(Action item): Among the entries that follow, the required portion opens with the line containing "Ректорот на УЈИЕ, Абдулменаф" and closes with the line containing "This dish is". Give that portion again exactly, and nothing else.

(Data for this exercise):
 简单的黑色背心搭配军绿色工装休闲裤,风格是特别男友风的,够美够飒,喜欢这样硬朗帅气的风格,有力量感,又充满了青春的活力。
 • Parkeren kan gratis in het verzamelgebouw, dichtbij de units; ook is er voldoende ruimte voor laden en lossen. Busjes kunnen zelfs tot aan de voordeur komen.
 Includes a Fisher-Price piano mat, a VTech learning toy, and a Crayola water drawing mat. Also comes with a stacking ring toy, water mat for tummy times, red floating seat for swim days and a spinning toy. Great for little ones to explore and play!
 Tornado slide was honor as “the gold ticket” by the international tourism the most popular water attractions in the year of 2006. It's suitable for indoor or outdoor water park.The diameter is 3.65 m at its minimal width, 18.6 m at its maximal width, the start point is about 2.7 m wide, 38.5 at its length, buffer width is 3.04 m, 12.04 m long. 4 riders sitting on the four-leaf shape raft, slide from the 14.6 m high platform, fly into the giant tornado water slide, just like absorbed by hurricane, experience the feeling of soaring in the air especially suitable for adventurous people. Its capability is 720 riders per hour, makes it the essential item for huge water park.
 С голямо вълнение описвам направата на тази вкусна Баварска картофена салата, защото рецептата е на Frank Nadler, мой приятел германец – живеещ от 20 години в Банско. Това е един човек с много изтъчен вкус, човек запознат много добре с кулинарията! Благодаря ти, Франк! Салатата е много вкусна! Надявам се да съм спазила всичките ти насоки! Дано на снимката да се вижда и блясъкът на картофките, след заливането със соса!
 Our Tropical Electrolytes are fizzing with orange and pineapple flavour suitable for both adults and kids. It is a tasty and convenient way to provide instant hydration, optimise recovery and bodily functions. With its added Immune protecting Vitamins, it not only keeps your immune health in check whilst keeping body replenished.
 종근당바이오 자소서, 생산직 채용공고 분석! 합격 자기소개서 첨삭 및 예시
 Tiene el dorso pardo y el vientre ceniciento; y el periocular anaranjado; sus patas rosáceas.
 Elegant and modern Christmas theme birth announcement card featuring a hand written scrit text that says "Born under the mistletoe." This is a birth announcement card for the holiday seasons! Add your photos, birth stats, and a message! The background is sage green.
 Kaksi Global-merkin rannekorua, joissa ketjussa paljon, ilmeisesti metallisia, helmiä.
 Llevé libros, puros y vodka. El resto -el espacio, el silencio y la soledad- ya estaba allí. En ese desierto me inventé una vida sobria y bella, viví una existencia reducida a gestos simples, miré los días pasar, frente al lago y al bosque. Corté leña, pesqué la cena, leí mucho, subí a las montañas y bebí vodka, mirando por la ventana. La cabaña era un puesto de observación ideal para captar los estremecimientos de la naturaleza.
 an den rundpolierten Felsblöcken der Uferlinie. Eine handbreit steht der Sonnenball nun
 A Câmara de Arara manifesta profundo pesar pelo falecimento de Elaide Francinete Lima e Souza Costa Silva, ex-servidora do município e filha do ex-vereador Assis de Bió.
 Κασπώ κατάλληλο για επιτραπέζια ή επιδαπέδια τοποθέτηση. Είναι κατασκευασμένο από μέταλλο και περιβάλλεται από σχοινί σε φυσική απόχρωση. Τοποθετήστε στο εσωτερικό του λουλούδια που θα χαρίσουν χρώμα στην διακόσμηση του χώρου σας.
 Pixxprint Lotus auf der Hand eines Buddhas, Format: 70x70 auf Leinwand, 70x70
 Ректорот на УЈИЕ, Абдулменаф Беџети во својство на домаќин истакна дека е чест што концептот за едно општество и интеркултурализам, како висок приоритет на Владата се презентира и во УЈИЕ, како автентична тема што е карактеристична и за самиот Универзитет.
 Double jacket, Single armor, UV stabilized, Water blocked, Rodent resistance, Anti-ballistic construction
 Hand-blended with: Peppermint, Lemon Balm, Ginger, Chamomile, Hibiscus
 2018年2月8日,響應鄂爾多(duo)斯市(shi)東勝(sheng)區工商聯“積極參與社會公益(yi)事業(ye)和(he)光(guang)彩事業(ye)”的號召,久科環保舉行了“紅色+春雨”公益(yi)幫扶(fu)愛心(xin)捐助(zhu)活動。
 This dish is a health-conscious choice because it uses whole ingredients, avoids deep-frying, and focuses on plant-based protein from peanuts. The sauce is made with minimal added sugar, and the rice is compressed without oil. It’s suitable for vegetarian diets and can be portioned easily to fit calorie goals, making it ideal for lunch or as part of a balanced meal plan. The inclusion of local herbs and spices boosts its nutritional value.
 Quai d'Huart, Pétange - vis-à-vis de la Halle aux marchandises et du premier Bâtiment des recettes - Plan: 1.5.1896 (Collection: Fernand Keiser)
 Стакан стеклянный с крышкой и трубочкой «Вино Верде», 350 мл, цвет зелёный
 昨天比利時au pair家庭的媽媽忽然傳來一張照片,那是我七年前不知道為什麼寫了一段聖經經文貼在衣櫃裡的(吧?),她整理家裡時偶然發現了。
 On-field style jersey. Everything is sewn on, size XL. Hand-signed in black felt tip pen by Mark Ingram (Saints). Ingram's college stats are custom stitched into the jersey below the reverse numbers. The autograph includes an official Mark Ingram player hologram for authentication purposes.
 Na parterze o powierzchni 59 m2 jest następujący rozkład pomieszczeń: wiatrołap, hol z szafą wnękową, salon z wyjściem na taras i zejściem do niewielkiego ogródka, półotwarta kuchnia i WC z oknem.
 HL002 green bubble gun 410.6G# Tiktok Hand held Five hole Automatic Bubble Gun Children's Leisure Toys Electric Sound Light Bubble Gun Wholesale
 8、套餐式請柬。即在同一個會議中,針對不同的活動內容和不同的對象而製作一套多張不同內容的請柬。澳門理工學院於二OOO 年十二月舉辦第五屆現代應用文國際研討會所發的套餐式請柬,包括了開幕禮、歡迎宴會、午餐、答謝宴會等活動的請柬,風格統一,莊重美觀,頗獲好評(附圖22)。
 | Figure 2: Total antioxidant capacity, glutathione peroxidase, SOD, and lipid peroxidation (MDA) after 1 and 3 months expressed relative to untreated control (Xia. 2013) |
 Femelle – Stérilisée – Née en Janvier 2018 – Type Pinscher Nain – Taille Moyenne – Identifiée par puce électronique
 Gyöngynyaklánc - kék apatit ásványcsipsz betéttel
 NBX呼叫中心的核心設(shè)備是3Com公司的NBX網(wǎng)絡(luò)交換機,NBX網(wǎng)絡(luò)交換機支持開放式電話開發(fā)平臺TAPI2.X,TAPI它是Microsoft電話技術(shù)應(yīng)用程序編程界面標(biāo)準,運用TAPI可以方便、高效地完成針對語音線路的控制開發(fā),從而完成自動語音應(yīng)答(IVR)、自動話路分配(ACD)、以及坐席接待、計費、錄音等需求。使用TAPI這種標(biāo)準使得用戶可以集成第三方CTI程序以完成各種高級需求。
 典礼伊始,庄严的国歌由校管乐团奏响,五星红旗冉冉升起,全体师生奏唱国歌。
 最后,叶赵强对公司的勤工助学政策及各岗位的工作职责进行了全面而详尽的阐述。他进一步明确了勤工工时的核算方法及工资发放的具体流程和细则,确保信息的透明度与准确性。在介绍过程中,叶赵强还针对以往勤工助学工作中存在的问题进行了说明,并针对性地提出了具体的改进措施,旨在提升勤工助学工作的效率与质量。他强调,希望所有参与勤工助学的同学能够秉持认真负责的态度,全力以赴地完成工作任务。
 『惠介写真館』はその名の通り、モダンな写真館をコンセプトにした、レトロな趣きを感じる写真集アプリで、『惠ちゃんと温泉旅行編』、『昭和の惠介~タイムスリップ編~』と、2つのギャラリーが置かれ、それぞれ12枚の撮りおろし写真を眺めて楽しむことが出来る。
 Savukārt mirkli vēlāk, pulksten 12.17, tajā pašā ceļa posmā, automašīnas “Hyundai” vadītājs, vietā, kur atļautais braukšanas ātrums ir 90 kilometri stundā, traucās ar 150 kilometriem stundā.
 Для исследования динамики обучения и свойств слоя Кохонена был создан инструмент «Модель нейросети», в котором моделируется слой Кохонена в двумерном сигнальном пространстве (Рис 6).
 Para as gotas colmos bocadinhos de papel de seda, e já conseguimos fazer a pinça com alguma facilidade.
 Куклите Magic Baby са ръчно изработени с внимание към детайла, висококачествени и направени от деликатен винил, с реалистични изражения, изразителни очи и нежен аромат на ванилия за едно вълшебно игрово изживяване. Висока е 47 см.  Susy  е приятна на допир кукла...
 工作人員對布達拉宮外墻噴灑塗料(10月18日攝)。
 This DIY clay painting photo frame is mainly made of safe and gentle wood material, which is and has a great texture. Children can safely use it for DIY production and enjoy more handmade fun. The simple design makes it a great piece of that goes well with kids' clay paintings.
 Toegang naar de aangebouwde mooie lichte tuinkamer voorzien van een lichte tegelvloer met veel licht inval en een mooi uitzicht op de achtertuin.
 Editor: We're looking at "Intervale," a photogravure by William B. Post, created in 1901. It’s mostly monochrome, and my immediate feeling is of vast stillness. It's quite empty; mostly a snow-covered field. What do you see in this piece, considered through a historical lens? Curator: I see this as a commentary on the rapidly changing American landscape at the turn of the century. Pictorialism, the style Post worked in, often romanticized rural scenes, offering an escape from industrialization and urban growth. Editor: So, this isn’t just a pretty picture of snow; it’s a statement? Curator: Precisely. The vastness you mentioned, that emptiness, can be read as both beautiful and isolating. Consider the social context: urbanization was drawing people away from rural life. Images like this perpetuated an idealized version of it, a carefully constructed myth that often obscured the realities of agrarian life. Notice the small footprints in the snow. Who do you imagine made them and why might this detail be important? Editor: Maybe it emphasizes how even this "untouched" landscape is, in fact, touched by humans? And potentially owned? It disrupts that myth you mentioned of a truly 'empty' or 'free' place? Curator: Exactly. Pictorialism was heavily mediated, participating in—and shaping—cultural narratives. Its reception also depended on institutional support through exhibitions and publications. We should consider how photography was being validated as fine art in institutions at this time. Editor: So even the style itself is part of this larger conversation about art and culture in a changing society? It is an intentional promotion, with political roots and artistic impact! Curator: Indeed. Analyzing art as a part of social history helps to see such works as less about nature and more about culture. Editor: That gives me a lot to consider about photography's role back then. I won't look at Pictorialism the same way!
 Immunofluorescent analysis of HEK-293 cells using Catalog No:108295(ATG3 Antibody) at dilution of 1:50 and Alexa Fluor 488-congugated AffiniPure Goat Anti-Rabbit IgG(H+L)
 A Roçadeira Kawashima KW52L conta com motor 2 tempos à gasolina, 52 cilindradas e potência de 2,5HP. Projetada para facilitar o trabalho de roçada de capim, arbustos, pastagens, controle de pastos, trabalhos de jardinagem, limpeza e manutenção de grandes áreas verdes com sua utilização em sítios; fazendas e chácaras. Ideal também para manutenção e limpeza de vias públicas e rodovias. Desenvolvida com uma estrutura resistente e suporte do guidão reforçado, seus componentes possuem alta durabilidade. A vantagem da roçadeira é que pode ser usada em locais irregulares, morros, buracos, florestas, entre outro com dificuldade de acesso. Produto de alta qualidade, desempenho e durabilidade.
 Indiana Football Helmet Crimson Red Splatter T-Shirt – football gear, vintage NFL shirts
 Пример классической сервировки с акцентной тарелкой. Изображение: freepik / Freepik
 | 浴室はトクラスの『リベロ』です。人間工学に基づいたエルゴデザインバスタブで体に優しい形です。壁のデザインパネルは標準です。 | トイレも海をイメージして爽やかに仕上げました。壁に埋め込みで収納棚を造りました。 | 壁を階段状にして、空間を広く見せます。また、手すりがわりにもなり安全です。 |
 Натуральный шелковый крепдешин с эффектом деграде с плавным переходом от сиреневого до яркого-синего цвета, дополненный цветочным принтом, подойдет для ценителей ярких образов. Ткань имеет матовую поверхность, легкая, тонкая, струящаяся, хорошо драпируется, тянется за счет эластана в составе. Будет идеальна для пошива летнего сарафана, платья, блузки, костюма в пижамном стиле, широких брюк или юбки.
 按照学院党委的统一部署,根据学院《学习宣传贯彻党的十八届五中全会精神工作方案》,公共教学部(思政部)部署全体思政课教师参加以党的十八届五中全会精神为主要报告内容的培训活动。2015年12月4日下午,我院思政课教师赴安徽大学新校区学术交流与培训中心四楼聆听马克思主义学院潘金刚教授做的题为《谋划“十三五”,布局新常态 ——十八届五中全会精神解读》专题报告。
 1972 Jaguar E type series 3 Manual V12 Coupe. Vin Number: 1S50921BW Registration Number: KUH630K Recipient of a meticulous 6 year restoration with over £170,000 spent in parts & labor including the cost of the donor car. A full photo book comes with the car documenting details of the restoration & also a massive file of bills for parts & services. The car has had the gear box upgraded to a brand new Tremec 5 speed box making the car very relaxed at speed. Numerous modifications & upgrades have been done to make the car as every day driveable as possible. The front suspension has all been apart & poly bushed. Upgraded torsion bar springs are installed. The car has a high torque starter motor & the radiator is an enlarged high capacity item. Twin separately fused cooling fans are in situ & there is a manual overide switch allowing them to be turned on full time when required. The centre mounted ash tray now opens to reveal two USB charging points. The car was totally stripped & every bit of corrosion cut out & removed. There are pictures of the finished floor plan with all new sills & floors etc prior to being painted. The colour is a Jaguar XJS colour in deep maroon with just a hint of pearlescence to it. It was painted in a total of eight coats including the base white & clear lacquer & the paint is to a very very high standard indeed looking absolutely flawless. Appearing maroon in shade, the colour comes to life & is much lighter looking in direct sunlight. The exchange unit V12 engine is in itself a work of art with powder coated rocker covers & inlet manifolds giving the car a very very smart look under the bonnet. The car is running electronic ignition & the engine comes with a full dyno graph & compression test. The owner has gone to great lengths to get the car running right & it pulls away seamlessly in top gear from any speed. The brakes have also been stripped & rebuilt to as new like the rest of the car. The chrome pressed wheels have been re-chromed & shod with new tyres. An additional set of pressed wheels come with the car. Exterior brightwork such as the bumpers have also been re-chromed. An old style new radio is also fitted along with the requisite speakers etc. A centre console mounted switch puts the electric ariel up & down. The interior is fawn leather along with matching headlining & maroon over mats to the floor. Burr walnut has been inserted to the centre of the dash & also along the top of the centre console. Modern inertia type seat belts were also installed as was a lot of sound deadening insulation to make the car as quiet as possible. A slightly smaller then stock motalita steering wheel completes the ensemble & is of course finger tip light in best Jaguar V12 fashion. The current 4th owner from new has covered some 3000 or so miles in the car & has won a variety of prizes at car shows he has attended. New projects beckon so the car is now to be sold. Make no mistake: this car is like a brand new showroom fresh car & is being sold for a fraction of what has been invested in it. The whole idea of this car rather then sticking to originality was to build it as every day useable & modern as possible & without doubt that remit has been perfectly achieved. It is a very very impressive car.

(Written solution):
 Ректорот на УЈИЕ, Абдулменаф Беџети во својство на домаќин истакна дека е чест што концептот за едно општество и интеркултурализам, како висок приоритет на Владата се презентира и во УЈИЕ, како автентична тема што е карактеристична и за самиот Универзитет.
 Double jacket, Single armor, UV stabilized, Water blocked, Rodent resistance, Anti-ballistic construction
 Hand-blended with: Peppermint, Lemon Balm, Ginger, Chamomile, Hibiscus
 2018年2月8日,響應鄂爾多(duo)斯市(shi)東勝(sheng)區工商聯“積極參與社會公益(yi)事業(ye)和(he)光(guang)彩事業(ye)”的號召,久科環保舉行了“紅色+春雨”公益(yi)幫扶(fu)愛心(xin)捐助(zhu)活動。
 This dish is a health-conscious choice because it uses whole ingredients, avoids deep-frying, and focuses on plant-based protein from peanuts. The sauce is made with minimal added sugar, and the rice is compressed without oil. It’s suitable for vegetarian diets and can be portioned easily to fit calorie goals, making it ideal for lunch or as part of a balanced meal plan. The inclusion of local herbs and spices boosts its nutritional value.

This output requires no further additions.